🤖 AI Summary
To address the high memory overhead and poor multi-adapter compatibility of Expert-Specialized Fine-Tuning (ESFT) adapters in large-scale deployment, this paper proposes an efficient Mixture-of-Experts (MoE) serving framework. It concurrently executes multiple LoRA-style ESFT adapters atop a shared base model, employs a virtual-memory-assisted expert weight manager to enable fragmentation-free expert co-location, and introduces a fused rerouting kernel for lightweight dynamic routing. The framework achieves low-latency concurrent serving of 20 × 16B MoE adapters on a single accelerator, improving KV cache capacity by 94× and throughput by 18% over baseline, with only 4–11% additional latency. Its core contribution is the first integration of virtual memory management with batched fused kernels for ESFT serving—significantly enhancing resource utilization and scalability.
📝 Abstract
Expert-Specialized Fine-Tuning (ESFT) adapts Mixture-of-Experts (MoE) large language models to enhance their task-specific performance by selectively tuning the top-activated experts for the task.
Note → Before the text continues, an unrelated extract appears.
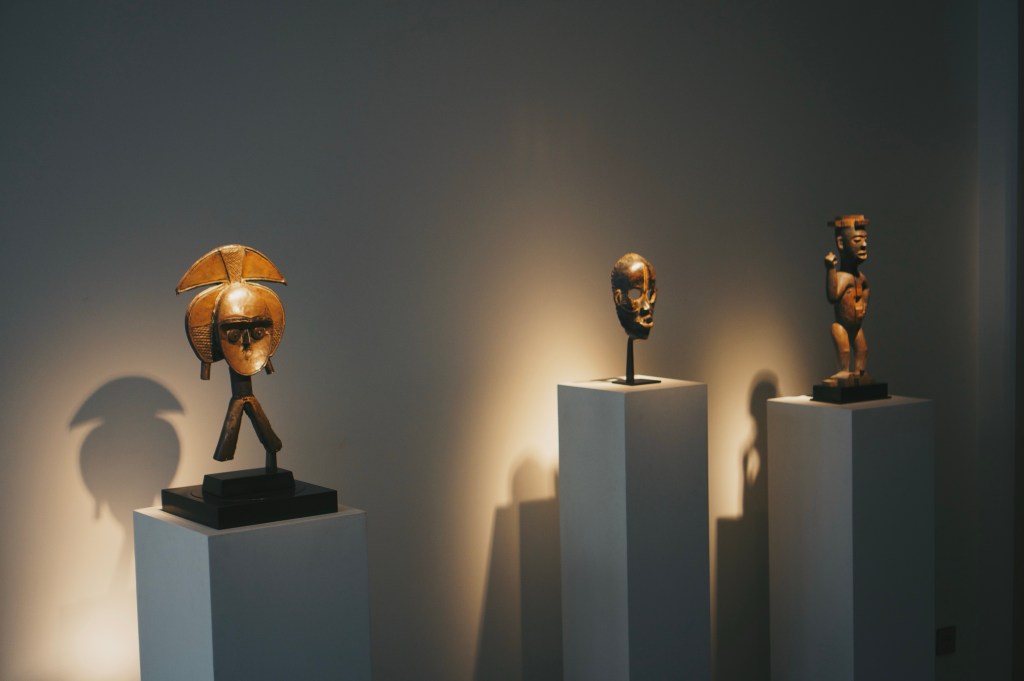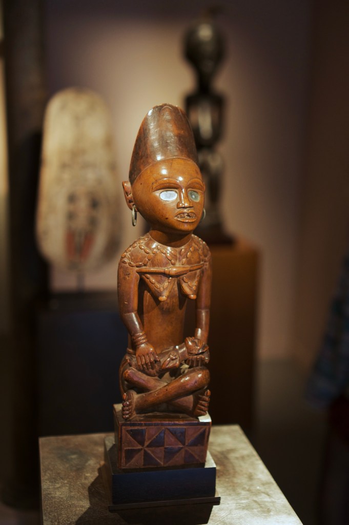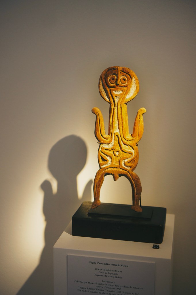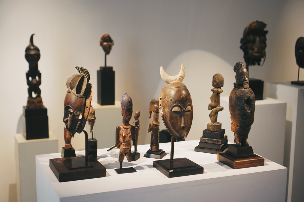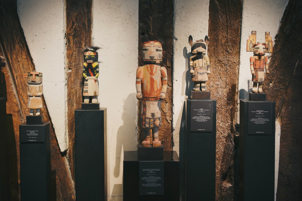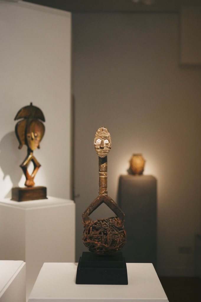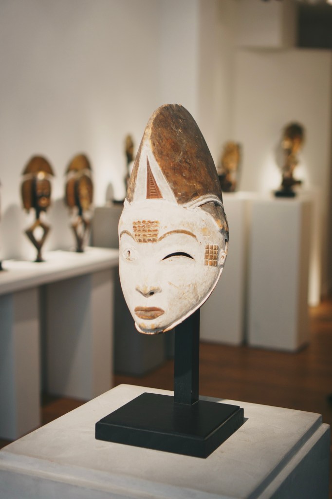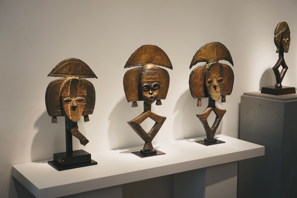 Jo De Buck Tribal Arts, ‘Thing’s with Faces’ exhibition – clockwise: Bembe mask, East Democratic Republic of the Congo ; Kuba Bushoong nobleman smoking pipe, Kasai province, Democratic Republic of the Congo ; Tib double (Janus) head crest, Nigeria ; Ovimbundu scepter for an important female dignitary called Ombweti AngolaGalerie Bernard Dulon: ‘Fragments of Silence: the Max Itzikovitz Collection and various Collectors’ exhibition Michael Hamson Oceanic Art: Tapa mask, Kanipu, Purari Delta area, Gulf Province, Papua New Guinea ; Flute mask, Rao culture area, Upper Keram River/Middle Ramu River, Madang Province, Papua New GuineaGalerie Vallois : ‘Inuits et Sámis – Peoples of the Far North’ exhibition Galerie Franck Marcelin: Figure of a Bioma ancestor, Urama culture, Papua New Guinea Galerie Yann Ferrandin:Nkisi Nkonde figure Kongo, Democratic Republic of the CongoGalerie Yann Ferrandin: Nō masks, Japan ; Fudō Myōō, Buddhist sculpture, Japan, late Muromachi – early Edo period, 16th/17th centuryGalerie Ratton: Dan mask, Côte d’IvoireGalerie Abla et Alain Lecomte: Baulé monkeys, Côte d’Ivoire (top) ; Skull covered with terracotta beads from Niger, Jim Skull (bottom)Galerie Monbrison: Phemba maternity, Mayombe, Democratic Republic of the CongoBruno Claessens – Duende Art Projects, from top to bottom: Punu mask ; Kotareliquary figures ; Sango reliquary figure, GabonGalerie Flak: Hopi Kachina figures, ArizonaGalerie Meyer Oceanic Art: Fly River substitute head, Western Papuan Gulf, Papua New Guinea ; Ancestral spirit or shaman mask, Inupiak culture, Point Hope, Northern AlaskaGalerie Lucas Ratton: ‘Western African Combs’ exhibition

Serving these fine-tuned models at scale is challenging: deploying merged models in isolation is prohibitively resource-hungry, while existing multi-adapter serving systems with LoRA-style additive updates are incompatible with ESFT's expert-oriented paradigm. We present ExpertWeave, a system that serves multiple ESFT adapters concurrently over a single shared MoE base model, drastically reducing the memory footprint and improving resource utilization. To seamlessly integrate into existing inference pipelines for MoE models with non-intrusive modifications and minimal latency overhead, ExpertWeave introduces a virtual-memory-assisted expert weight manager that co-locates base-model and adapter experts without incurring memory overhead from fragmentation, and a fused kernel for batched rerouting to enable lightweight redirection of tokens to the appropriate experts at runtime. Our evaluations show that ExpertWeave can simultaneously serve multiple adapters of a 16B MoE model on a single accelerator where the baseline runs out of memory, or provides up to 94x more KV cache capacity and achieves up to 18% higher throughput while using comparable resources, all without compromising model accuracy. ExpertWeave maintains low overhead even when scaling to 20 adapters, with a 4-11% latency increase compared with serving the base model alone. Source code will be released soon.